**MATERIAL FOR THIS TASK:**
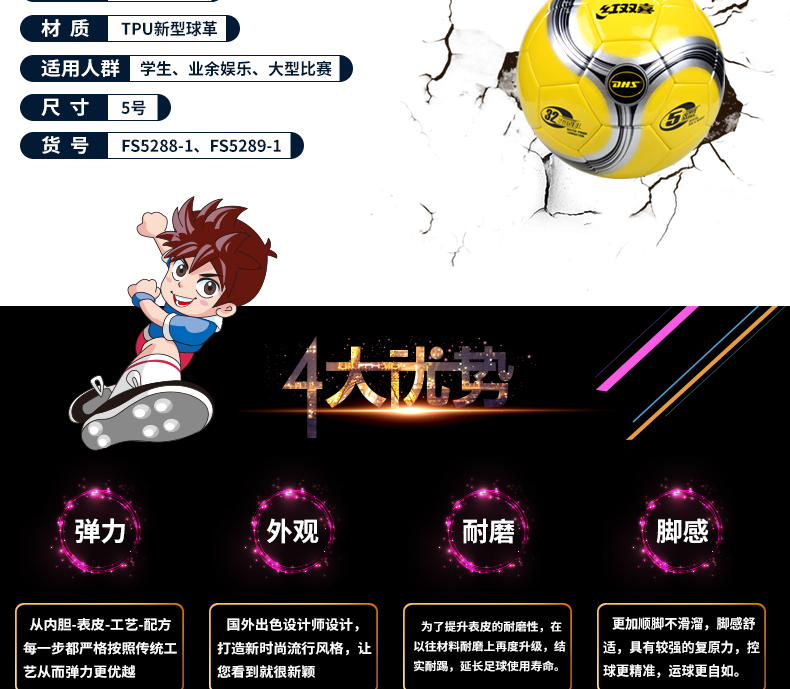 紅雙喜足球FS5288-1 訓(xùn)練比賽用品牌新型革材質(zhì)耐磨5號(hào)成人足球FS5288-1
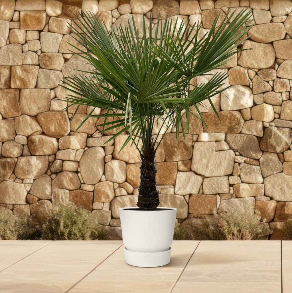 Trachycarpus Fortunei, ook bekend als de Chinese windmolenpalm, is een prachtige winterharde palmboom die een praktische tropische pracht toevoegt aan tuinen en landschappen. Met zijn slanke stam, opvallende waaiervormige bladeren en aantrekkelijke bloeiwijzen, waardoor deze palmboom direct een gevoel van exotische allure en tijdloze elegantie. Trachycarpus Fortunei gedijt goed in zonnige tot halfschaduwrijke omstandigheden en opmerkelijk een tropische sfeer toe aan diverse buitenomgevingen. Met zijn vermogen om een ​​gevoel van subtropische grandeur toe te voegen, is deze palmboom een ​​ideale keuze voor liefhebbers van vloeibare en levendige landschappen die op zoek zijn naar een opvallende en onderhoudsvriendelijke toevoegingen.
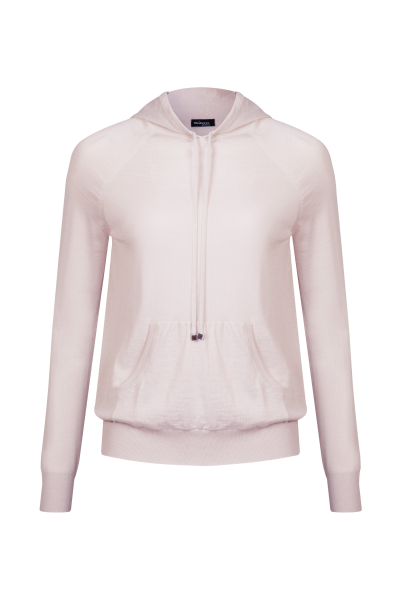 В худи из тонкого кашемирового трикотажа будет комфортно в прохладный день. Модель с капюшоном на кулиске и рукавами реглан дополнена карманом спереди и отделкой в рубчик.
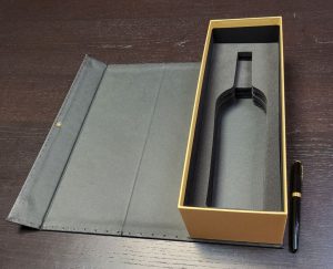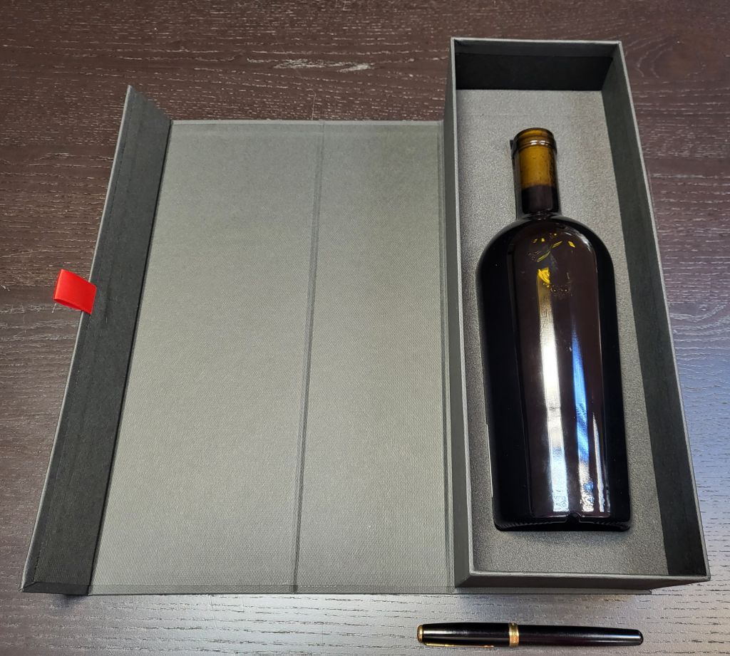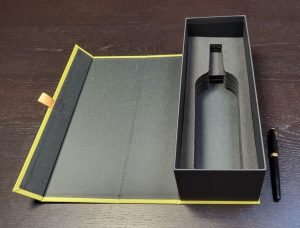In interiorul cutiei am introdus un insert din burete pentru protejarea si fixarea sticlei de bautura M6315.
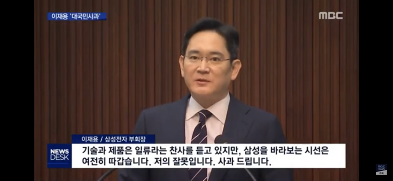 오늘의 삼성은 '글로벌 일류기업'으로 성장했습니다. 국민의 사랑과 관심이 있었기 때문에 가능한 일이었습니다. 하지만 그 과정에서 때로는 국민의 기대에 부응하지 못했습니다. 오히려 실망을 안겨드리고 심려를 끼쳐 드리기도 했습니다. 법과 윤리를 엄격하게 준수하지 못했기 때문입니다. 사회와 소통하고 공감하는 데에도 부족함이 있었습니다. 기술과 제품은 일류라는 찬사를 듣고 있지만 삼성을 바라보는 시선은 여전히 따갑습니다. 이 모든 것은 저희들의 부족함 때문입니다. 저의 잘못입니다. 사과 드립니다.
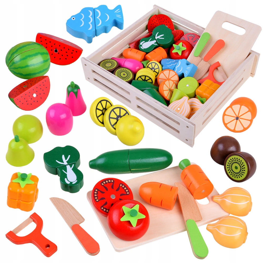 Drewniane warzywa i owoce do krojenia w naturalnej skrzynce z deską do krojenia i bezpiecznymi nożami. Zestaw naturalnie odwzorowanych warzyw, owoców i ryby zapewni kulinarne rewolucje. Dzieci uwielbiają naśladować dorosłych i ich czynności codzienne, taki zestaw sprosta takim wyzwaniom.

**WHAT TO WORK ON:**
Nothing but the lines from the beginning of the material above through the line containing "Trachycarpus Fortunei, ook" should appear in the answer, copied exactly and free of pictures.

**WRITTEN ANSWER:**
 紅雙喜足球FS5288-1 訓(xùn)練比賽用品牌新型革材質(zhì)耐磨5號(hào)成人足球FS5288-1
 Trachycarpus Fortunei, ook bekend als de Chinese windmolenpalm, is een prachtige winterharde palmboom die een praktische tropische pracht toevoegt aan tuinen en landschappen. Met zijn slanke stam, opvallende waaiervormige bladeren en aantrekkelijke bloeiwijzen, waardoor deze palmboom direct een gevoel van exotische allure en tijdloze elegantie. Trachycarpus Fortunei gedijt goed in zonnige tot halfschaduwrijke omstandigheden en opmerkelijk een tropische sfeer toe aan diverse buitenomgevingen. Met zijn vermogen om een ​​gevoel van subtropische grandeur toe te voegen, is deze palmboom een ​​ideale keuze voor liefhebbers van vloeibare en levendige landschappen die op zoek zijn naar een opvallende en onderhoudsvriendelijke toevoegingen.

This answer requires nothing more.